JP-T-2006-507517 JP 2013-218294 A JP 2012-103728 A

  By the way, in a 3LCD type liquid crystal projector, for example, three types of liquid crystal panels corresponding to each color of blue, green and red are used, and polarizing plates are arranged on the incident side and the emission side so as to sandwich each liquid crystal panel. . In order to reduce the thermal load of each polarizing plate, a polarizing plate with a low extinction ratio called a pre-polarizing plate may be disposed in front of the polarizing plate on the incident side. If the number is included, the maximum is nine. Therefore, facilitating identification of the polarizing plate is important from the viewpoint of preventing human error and improving the productivity of optical equipment such as a liquid crystal projector.

  As a method for identifying a polarizing plate, there is a method of printing product information using a laser marking, a marking pen, a diamond cutter, or the like on the invalid surface of the front or back surface of the polarizing plate or the side surface of the end of the polarizing plate. Can be mentioned. When the invalid area is small and printing is difficult, printing is necessarily performed on the side surface of the end portion. In this regard, in the conventional general formation of the protective film, the protective film is formed not only on the surface of the polarizing plate but also on the side surface. If printing is performed on the side surface, the protective film may be peeled off and cause dust. In particular, when the protective film is a water repellent film, there is a possibility that printing cannot be performed with a marking pen. Furthermore, in a polarizing plate like patent document 2, as a result of the crushed grid covering the side surface of an edge part, there exists a possibility of causing a trouble in marking.

  This invention is made | formed in view of the above, and it aims at providing the polarizing plate which can improve the durability of a polarizing plate, and the productivity of an optical instrument, its manufacturing method, and an optical instrument.

  In order to achieve the above object, the present invention provides a polarizing plate having a wire grid structure (for example, a polarizing plate 1 described later), a transparent substrate (for example, a transparent substrate 2 described later), and one surface of the polarizing plate. A grid-like convex part (for example, a grid-like convex part 3 to be described later) arranged in a pitch shorter than the wavelength of light in the use band on the transparent substrate on the side, and extending in a predetermined direction. A water-repellent layer (for example, a water-repellent layer 4 and 41 described later) is formed on one surface of the polarizing plate, and a water-repellent layer is formed on the side surface of the polarizing plate. Provide no polarizing plate.

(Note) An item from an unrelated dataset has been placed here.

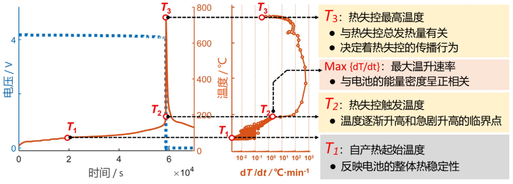 鋰離子電池?zé)崾Э氐恼T因可分為:機(jī)械濫用、電濫用和熱濫用。3種濫用方式可獨(dú)立發(fā)生,但也存在一定因果關(guān)系。在熱失控過程中,電池內(nèi)部主要發(fā)生:固體電解質(zhì)(SEI)膜分解、正/負(fù)極-電解液反應(yīng)、隔膜融化、電解液分解和粘連劑分解等化學(xué)放熱反應(yīng),這些反應(yīng)并沒有嚴(yán)格的先后順序,熱失控機(jī)理如圖1所示。此外,研究人員利用加速量熱儀實(shí)現(xiàn)了對(duì)熱失控特性的定量分析,通過對(duì)多種不同類型電池進(jìn)行測(cè)試,總結(jié)出了熱失控的3個(gè)特征溫度T1、T2、T3和一個(gè)關(guān)鍵參數(shù)——最大溫升速率max{dT/dt},如圖2所示??傮w而言,單體電池?zé)崾Э胤揽氐哪繕?biāo)就是提高T1和T2,降低T3和max{dT/dt}。

  The transparent substrate may be exposed on a side surface of the polarizing plate.

  An identification marking may be provided on a side surface of the polarizing plate.

  A water repellent layer (for example, water repellent layers 42 and 4 described later) may be formed on the other surface of the polarizing plate.

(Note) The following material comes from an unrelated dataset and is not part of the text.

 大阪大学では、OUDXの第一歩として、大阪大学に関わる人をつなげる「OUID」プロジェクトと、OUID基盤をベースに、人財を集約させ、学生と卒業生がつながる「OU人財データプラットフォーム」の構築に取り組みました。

  The water repellent layer may have, in order from the transparent substrate side, a silica layer made of silica and a silane coupling layer made of a silane coupling agent.

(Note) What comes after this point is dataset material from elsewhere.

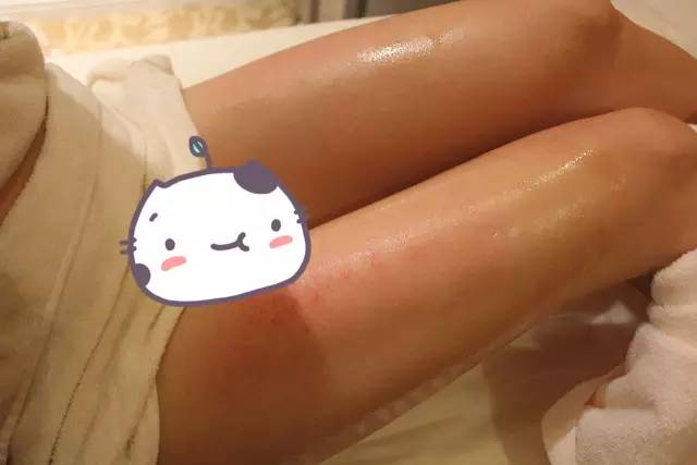 才做2~3分钟,Sophia背上就很明显地出现了一道道“红线”。如果湿气越重,出痧就会越明显!听说这位美女理疗师是从中医院校毕业的,所以手法很专业,每一处都按到穴位上。背部做完就是手臂、腹部,大腿各个部位逐一手法疏通经络。

  The silane coupling layer may contain fluorine.

  The transparent substrate may be transparent to the wavelength of light in the use band, and may be made of glass, crystal, or sapphire.

  You may further provide the heat conductive board which is arrange | positioned on the other surface of the said transparent substrate, and consists of sapphire.

  The present invention also relates to a method of manufacturing a polarizing plate having a wire grid structure, wherein a predetermined direction is formed at a pitch shorter than the wavelength of light in the use band on one surface side of the transparent substrate larger than the use size of the polarizing plate. And forming a water-repellent layer that covers the surface of the transparent substrate and the surface of the lattice-shaped convex portion on one surface side of the transparent substrate. There is provided a method for producing a polarizing plate, comprising: a water layer forming step; and a cutting step of cutting the transparent substrate on which the water repellent layer is formed into the use size.

  The present invention also relates to a method of manufacturing a polarizing plate having a wire grid structure, wherein the pitch is shorter than the wavelength of light in the used band on one surface side of the transparent substrate having the same size as the used size of the polarizing plate. A grid-shaped convex portion forming step for forming a grid-shaped convex portion extending in a predetermined direction, and a water repellent layer covering the surface of the transparent substrate and the surface of the grid-shaped convex portion on one surface side of the transparent substrate. There is provided a method for producing a polarizing plate comprising: a water repellent layer forming step to be formed; and a removing step of removing the water repellent layer formed on the side surface of the transparent substrate by etching.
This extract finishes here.